Dependencies and/or escalations corrupt the database
See issue #53:
Host X has service Y, host X is behind switch Z.
Added/removed various combinations of dependencies between X, Y and Z via the web interface, tested by closing/reopening port on Z. After noticing issues with notification reliability (see https://forum.centreon.com/forum/plugins-aa/notification-et-escalation/141928-host-service-dependency-notifications-filtering-only-works-50-of-the-time), removed dependency definition.
Similarly tested escalation on same host/service combination, again removed after noticing notification reliability, but escalation definition isn't gone from database and is in active for a newly defined host Q which has the same IP address as host X! (two issues there, escalation not gone, host confusion due to same IP address, even though hostname/description are different)
Please provide guidance on how to isolate and fix the database problem as this is a production system.
CES 3.3 iso, updated to Centreon 2.7.5.
edit: issue #51 and #52 may be a symptom of the db corruption.
Almost 5 months have passed, has anyone looked at this? If you need any more information please let me know!
Hi @btassite ,
Thanks for detailed information, hope that all your issues are linked but good news. We got a core dump of something really similar to your issue. And related issues on engine segfault tends to confirm this.

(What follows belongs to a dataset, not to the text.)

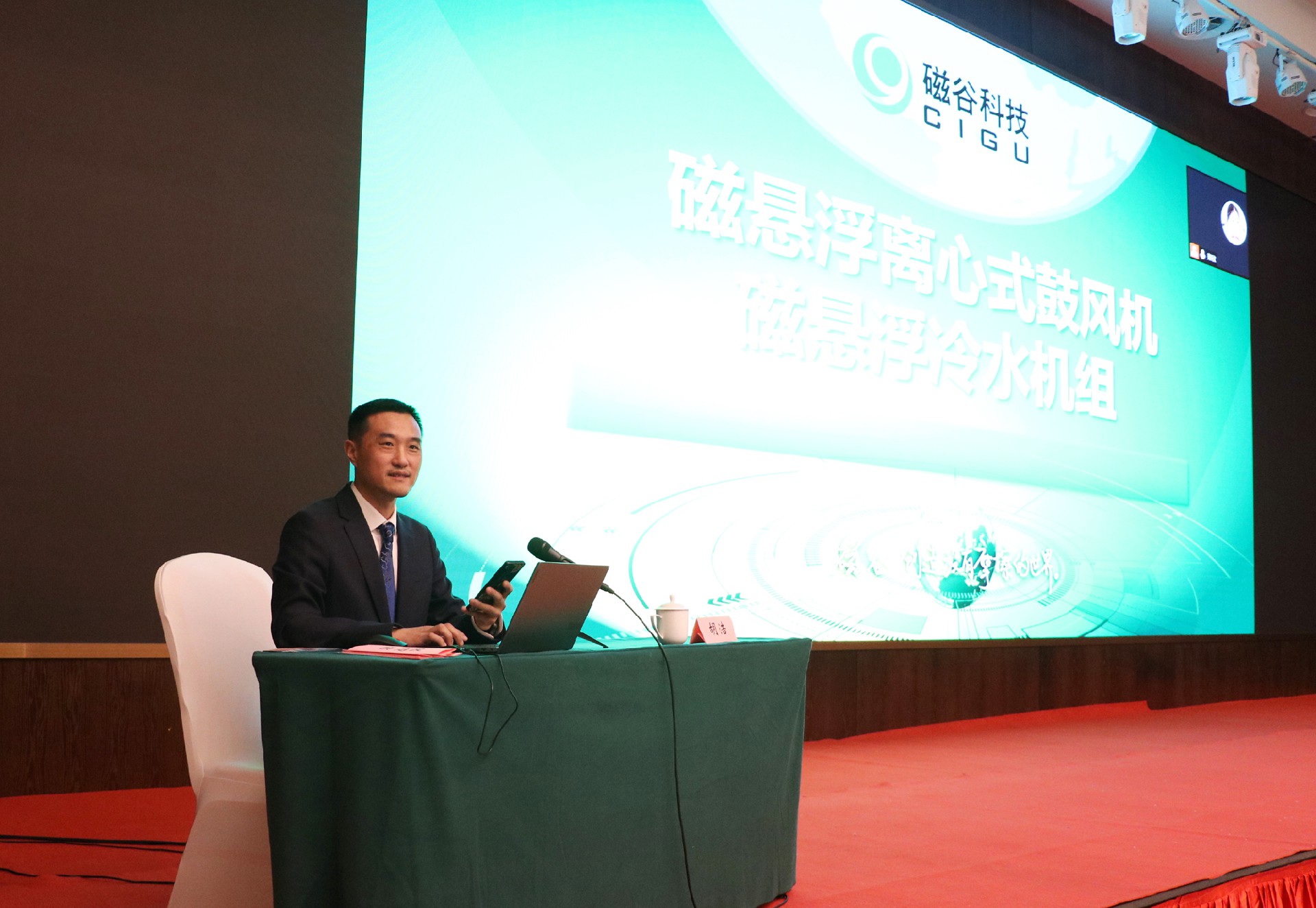 南京磁穀科技股份有限公司營銷總監胡浩受邀介紹磁懸浮節能係統解決方案。從磁懸浮節能技術、節能產品、高效應用等多角度,講解了磁穀科技曆經多年的研發創新,以磁懸浮離心式鼓風機、空壓機、冷水機組等節能設備,幫助三菱化工、中國石化、中國水務、盛虹集團、南方水泥、安琪酵母等一眾行業領軍企業實現了節能降耗。
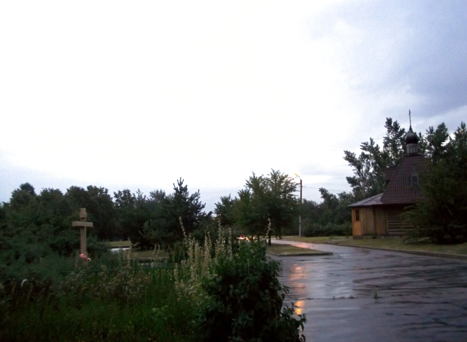 В правой части композиции возвышается деревянный храм, увенчанный лаконичным куполом-луковкой и православным крестом, сияющим в мягком свете. Строгая и в то же время изящная архитектура церкви характерна для традиционного русского зодчества. Храм был возведён в 2013 году и освящён в честь великого князя, одержавшего победу в Куликовской битве и почитаемого в лике святых.

@ganoze don't you think there is some link between this and case with escalation ?
@btassite , if you can provide some core dump when engine crash that would help a lot ! To do so, please set debug to 1 in centengine init script. When the crash occurs please let us know and we'll give you some ftp to drop the files.
Thanks, Simon
@Sims24 Yes, might be related to commit b8235d8d5d8d54b0ccf28f66286e4d2a930b105c, but cannot be sure without updating and testing.
I've changed the init script to debug=1 but haven't restarted the engine yet, there have been no crashes since my report, possibly because we have stopped trying to use dependencies and escalations until the bug is fixed :)
Is the commit public? Maybe I'm looking in the wrong place but couldn't find it through GitHub search or using Google.
Edit: it would still be nice to know how to check the db integrity and clean out remaining related garbage, regardless of the bugfixing..
Can you give an update on the escalation bug? Has this been looked at, reproduced? I can't see anything relating to it in the changelogs up to 2.8.3.